Le stime preliminari sulla crescita del PIL nel 1° trimestre 2011 dovrebbero mostrare quasi ovunque un rafforzamento del ciclo rispetto a fine 2010. La crescita più brillante dovrebbe essere messa a segno dalla Germania (nostra stima: +1% t/t; +4,4% a/a), spinta non solo dal recupero delle costruzioni dopo il crollo di fine 2010 legato alle condizioni meteo, ma anche da un “genuino” recupero per gli investimenti in macchinari e da un export sempre vivace. Anche la Francia dovrebbe esibire un ottimo ritmo di sviluppo (stimiamo un +0,8% t/t; +2% a/a), grazie a un’accelerazione degli investimenti delle imprese e a un’inversione dell’eccezionale impatto negativo delle scorte visto il trimestre precedente (e nonostante un probabile rallentamento dei consumi delle famiglie). Meno brillante il PIL in Italia e Spagna (stimiamo uno 0,2% t/t per entrambe, con qualche rischio al ribasso specie nel caso iberico).

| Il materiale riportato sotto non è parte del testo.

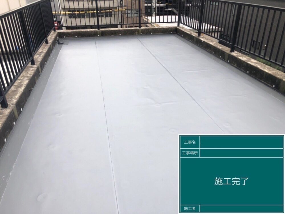平場から立ち上がり部分までムラなく塗膜が形成され、雨水の浸入リスクを大幅に軽減できる仕上がりとなっています。明るいグレーの防水層は見た目にも美しく、建物全体の耐久性向上にもつながる安心の施工となりました。

Quasi pleonastico ricordare i rischi verso il basso sui paesi attanagliati da crisi strutturali (Grecia, Portogallo, Irlanda). In ogni caso, trainato dai paesi maggiori, il PIL area euro potrebbe salire di 0,7% t/t (dopo lo 0,3% t/t dei due trimestri precedenti), per un’accelerazione su base annua a 2,3% dal 2% di fine 2010.

Stati Uniti

Il CPI a marzo è atteso in aumento di 0,6% m/m, dopo lo 0,5% m/m di febbraio. Il CPI core dovrebbe registrare un incremento di appena un decimo come il mese precedente. L’inflazione annua salirebbe a 3,1% headline (da 2,7% di febbraio) e a 1,3% ex food and energy (da 1,2% precedente). Nel mese, l’energia dovrebbe vedere un’accelerazione a 4,6% m/m, spinta dal +7,6% m/m della benzina. I prezzi potrebbero scendere per il terzo mese consecutivo nell’abbigliamento; l’istruzione è vista mantenere una dinamica sostenuta (+0,4% m/m); gli affitti figurativi manterranno il ritmo di un decimo visto nei sei mesi precedenti.

La fiducia delle famiglie rilevata dall’Univ. of Michigan a maggio (preliminare) dovrebbe mostrare una (modesta) ripresa per il secondo mese consecutivo, a 70,2 da 69,8 di aprile (dopo il crollo di marzo a 67,5). Saranno molto importanti i dati sulle aspettative di inflazione, che hanno assunto crescente importanza nella retorica della Fed: ad aprile le aspettative a 1 anno erano rimaste al 4,6% (massimo da agosto 2008), quelle a 5 anni erano scese a 2,9% (da 3,2% di marzo che rappresentava un massimo anch’esso dall’agosto del 2008).